Day 4 - PyTorch Basics: Building and Training a Neural Network

Learn how to use torch.nn to build the neural network structure, and how to train the model to recognize images, using a training and evaluation loop. It assumes you are already familiar with the theory behind neural networks (i.e loss functions, gradient descent).

100 Days Of PyTorch
Author

Liam Groen

Published

May 11, 2025

Modified

May 12, 2025

Keywords

Neural Network

Defining the Network

Show imports
import os
import torch
from torch import nn
from torch.utils.data import DataLoader
from torchvision import datasets, transforms

PyTorch allows us to create any neural network, using predefined building blocks from the module torch.nn. Every neural network we create should specify the forward method

class OurNeuralNetwork(nn.Module):
    def __init__(self):
        super().__init__()

        # Define neural net structure here, so we can store weights in them.
        self.flatten = nn.Flatten()
        self.linear_relu_chain = nn.Sequential(
            nn.Linear(in_features=28*28, out_features=512),
            nn.ReLU(),
            nn.Linear(in_features=512, out_features=512),
            nn.ReLU(),
            nn.Linear(512, 10)
        )
    
    def forward(self, input):
        # Use neural net structure to pass input data through

        input = self.flatten(input) # Shape: (28,28) -> shape: (784)

        predictions = self.linear_relu_chain(input) # Shape: (784) -> shape: (512) -> shape: (512) -> shape: (10)
        
        return predictions

Lets instantiate it. In PyTorch, we also have to specify it on what device type we want to train our model. This allows for quicker training, depending on device type.

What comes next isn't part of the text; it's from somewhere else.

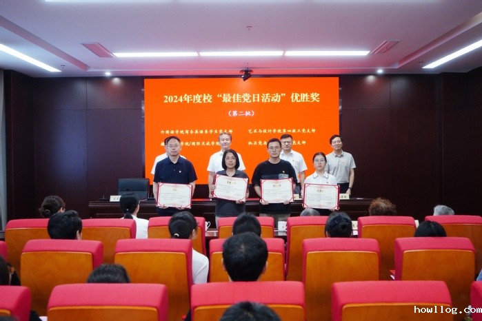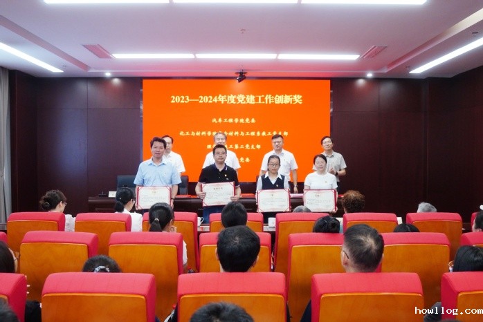 王传金宣读学校2023-2024年度党建工作创新奖和2024年度最佳党日活动优胜奖表彰决定。校领导给获奖单位代表颁奖。
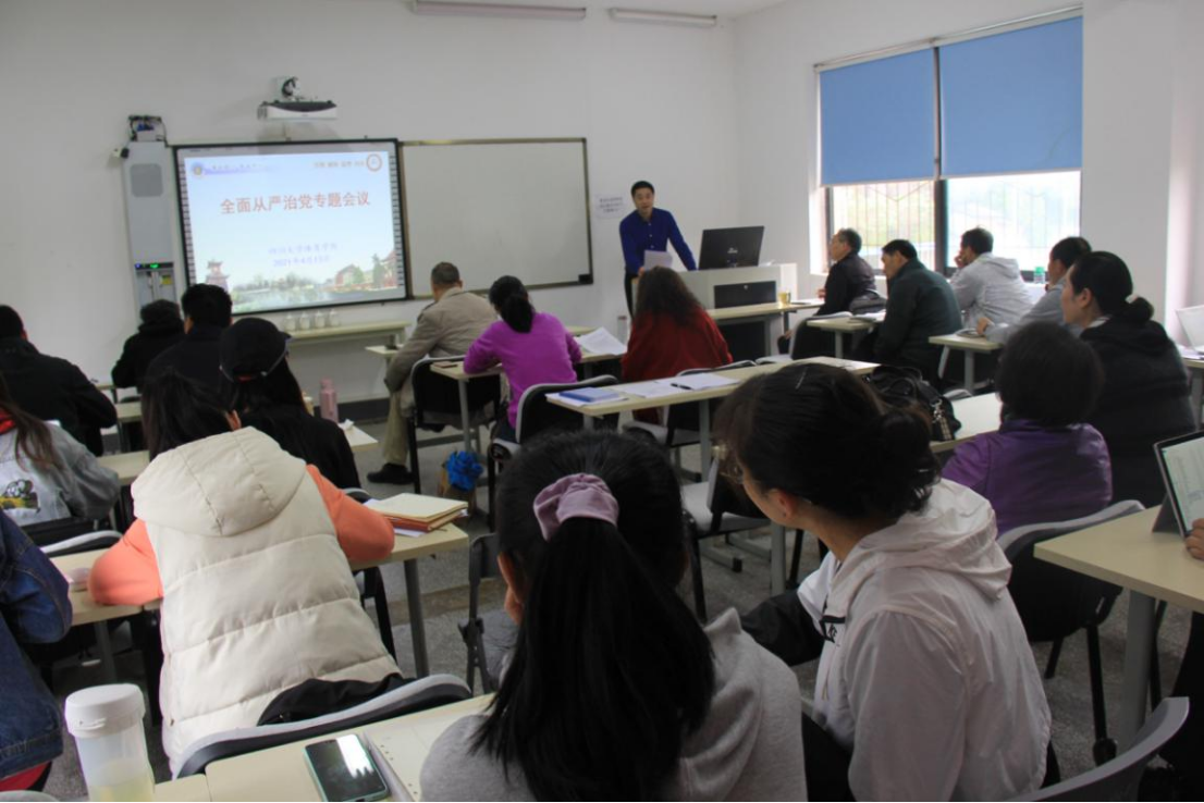 4月13日,体育学院在东区游泳池二楼会议室召开了2021年全面从严治党工作会议,学院班子成员、组织员、总支委员,各支部书记及支部委员,全体中层干部参会。

model = OurNeuralNetwork().to("cpu") # or cuda, mps, mtia, xpu
print("using cpu")
using cpu
model
OurNeuralNetwork(
  (flatten): Flatten(start_dim=1, end_dim=-1)
  (linear_relu_chain): Sequential(
    (0): Linear(in_features=784, out_features=512, bias=True)
    (1): ReLU()
    (2): Linear(in_features=512, out_features=512, bias=True)
    (3): ReLU()
    (4): Linear(in_features=512, out_features=10, bias=True)
  )
)

Testing the Network

Lets simulate an 28x28 pixel image with some random numbers

shape = (1, 28, 28)
fake_image = torch.rand(shape, device="cpu") # the tensor needs to be on the same device as the model
Show plotting code
import matplotlib.pyplot as plt

plt.imshow(fake_image.squeeze())
plt.axis("off")
plt.title("Fake number - random 28x28 tensor")
plt.show()

model_outputs = model(fake_image)

Even though we specified nn.Linear(in_features=28*28), we set shape = (1, 28, 28) and not to (28, 28). This is because the model expects the first number to be the amount of images we use per batch of training. Since we are not actually training the model right now we set it to 1.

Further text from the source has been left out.